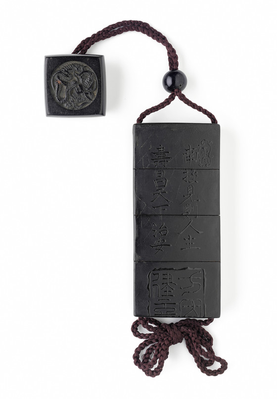 Inrō: black lacquer on substrate; Ojime: black hardstone or glass; Netsuke: ebony; manjū type
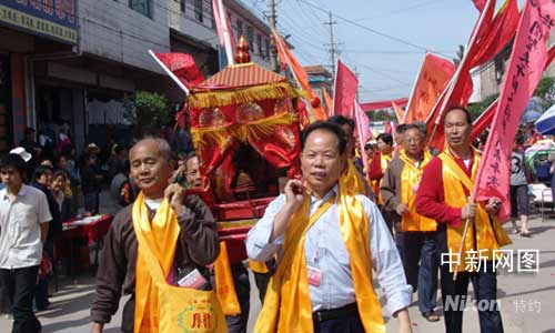 中新网5月14日电 (王铁成 李旭鹏)农历四月初八,是山西运城市解州镇古庙会,也是位于解州的关帝祖庙举办“关帝巡城”活动之日。当天上午,关帝圣像在锣鼓、令旗开道下,在来自福建等地及当地信徒的簇拥下,乘十六抬大轿巡游解州古城,所到之外,香烟袅袅,鞭炮起鸣,民众纷纷顶礼膜拜。正在山西平遥拍摄《大陆寻奇—山西篇》的台湾中国电视公司与中国华艺音像实业有限公司一行六人也闻讯前来,赶制专题节目。
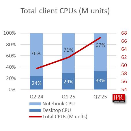 IT之家注意到,数据显示客户端 CPU 出货量由第一季度的约 6200 万颗增至第二季度的 6700 多万颗,其中桌面处理器占比约 33%,移动处理器约 67%。
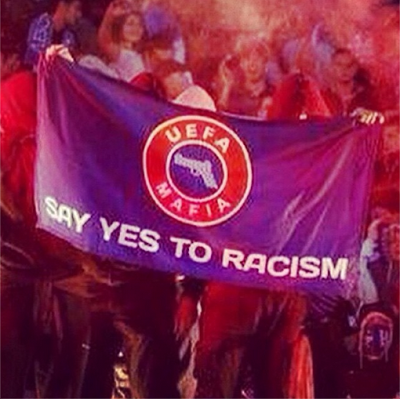Ουδείς εκ των «αντιρατσιστών» – «αντιφασιστών», που παρουσιάζονται με προφίλ αντισυστημικό και που συνεχώς καταφέρονται κατά της UEFA χαρακτηρίζοντάς την ΜΑΦΙΑ (“UEFA MAFIA” το σλόγκαν), δεν ψυλλιάζεται και δεν αναρωτιέται γιατί άραγε οι «πλανητικοί μαφιόζοι του ποδοσφαίρου» αποφάσισαν να βρεθούν στην πρωτοπορία του «αντιρατσισμού» και να οργανώνουν φιέστες «αντιρατσιστικού» θεάματος», συνεχίζει το ΡΕΣΑΛΤΟ.

Instructions for the task
Exactly as written, copy out the listing, but without any pictures.

Your response
 Inrō: black lacquer on substrate; Ojime: black hardstone or glass; Netsuke: ebony; manjū type
 中新网5月14日电 (王铁成 李旭鹏)农历四月初八,是山西运城市解州镇古庙会,也是位于解州的关帝祖庙举办“关帝巡城”活动之日。当天上午,关帝圣像在锣鼓、令旗开道下,在来自福建等地及当地信徒的簇拥下,乘十六抬大轿巡游解州古城,所到之外,香烟袅袅,鞭炮起鸣,民众纷纷顶礼膜拜。正在山西平遥拍摄《大陆寻奇—山西篇》的台湾中国电视公司与中国华艺音像实业有限公司一行六人也闻讯前来,赶制专题节目。
 IT之家注意到,数据显示客户端 CPU 出货量由第一季度的约 6200 万颗增至第二季度的 6700 多万颗,其中桌面处理器占比约 33%,移动处理器约 67%。
Ουδείς εκ των «αντιρατσιστών» – «αντιφασιστών», που παρουσιάζονται με προφίλ αντισυστημικό και που συνεχώς καταφέρονται κατά της UEFA χαρακτηρίζοντάς την ΜΑΦΙΑ (“UEFA MAFIA” το σλόγκαν), δεν ψυλλιάζεται και δεν αναρωτιέται γιατί άραγε οι «πλανητικοί μαφιόζοι του ποδοσφαίρου» αποφάσισαν να βρεθούν στην πρωτοπορία του «αντιρατσισμού» και να οργανώνουν φιέστες «αντιρατσιστικού» θεάματος», συνεχίζει το ΡΕΣΑΛΤΟ.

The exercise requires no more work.